For example, sending someone an email with this link:
http:// www.yahoo.com/junk/nonsense;0200.0xfe.0x37.0xbf/malicious_file/
will result in the Yahoo! link (www.yahoo.com/junk/nonsense) being ignored because even though it is legitimate (ie, properly formed) no such page exists. But the second link (0200.0xfe.0x37.0xbf/malicious_file/) presumably exists* and the user will be directed to the malicious_file page; whereupon one's corporate IT manager will get a report and one will likely get a pink slip.
And before all the nay-sayers get their dander up, this is exactly how the new Facebook phishing problem works. The names have been changed to protect the guilty as usual.

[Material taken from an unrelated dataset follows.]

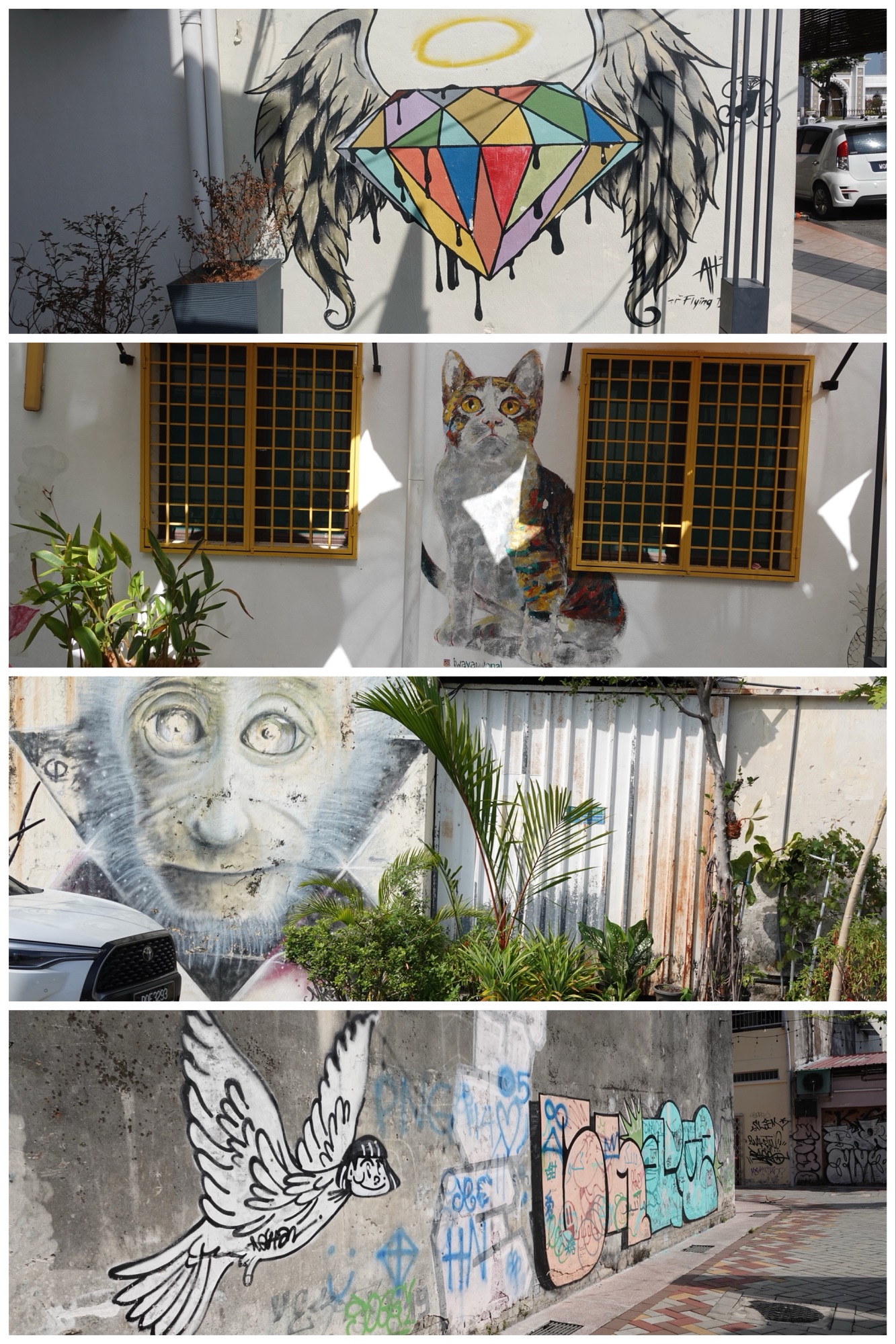 From the jetty area we went in search of Penang’s most well-known street art: “Moto Boy”. (I had already bought tee-shirts with its image at a shop on the jetty for each of our grandsons). The actual motorbike parked in front of the mural is part of the art installation,
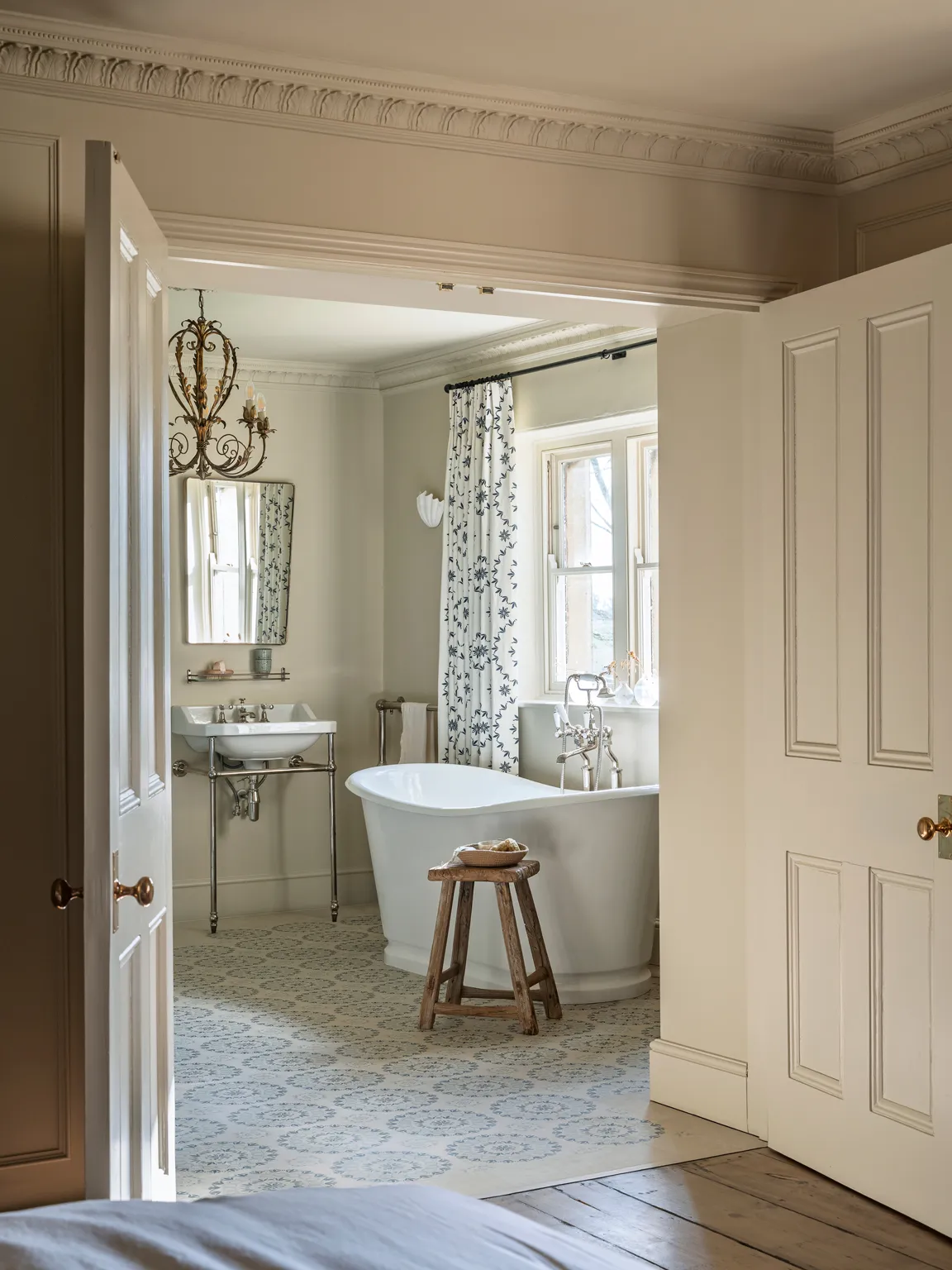 Bathroom floor in Palma Blue, curtain in Palma Nu Inky Sky.

*No such page actually exists to my knowledge. The link shown is for purposes of this discussion only.
是的,分号在 URL 中有效。 但是,如果您从相对非结构化的散文中提取它们,则可以安全地假设 URL 末尾的分号表示句子标点符号。 这同样适用于其他句子标点字符,如句号、问号、引号等。
如果您只对具有显式
http[s]
协议的 URL 感兴趣,并且您的正则表达式风格支持lookbehinds ,这个正则表达式应该足够了:https?://[\w!#$%&'()*+,./:;=?@\[\]-]+(?
在协议之后,它只是匹配 URL 中可能有效的一个或多个字符,根本不用担心结构。但随后它会退回尽可能多的位置根据需要,直到最后一个字符不是句子标点符号。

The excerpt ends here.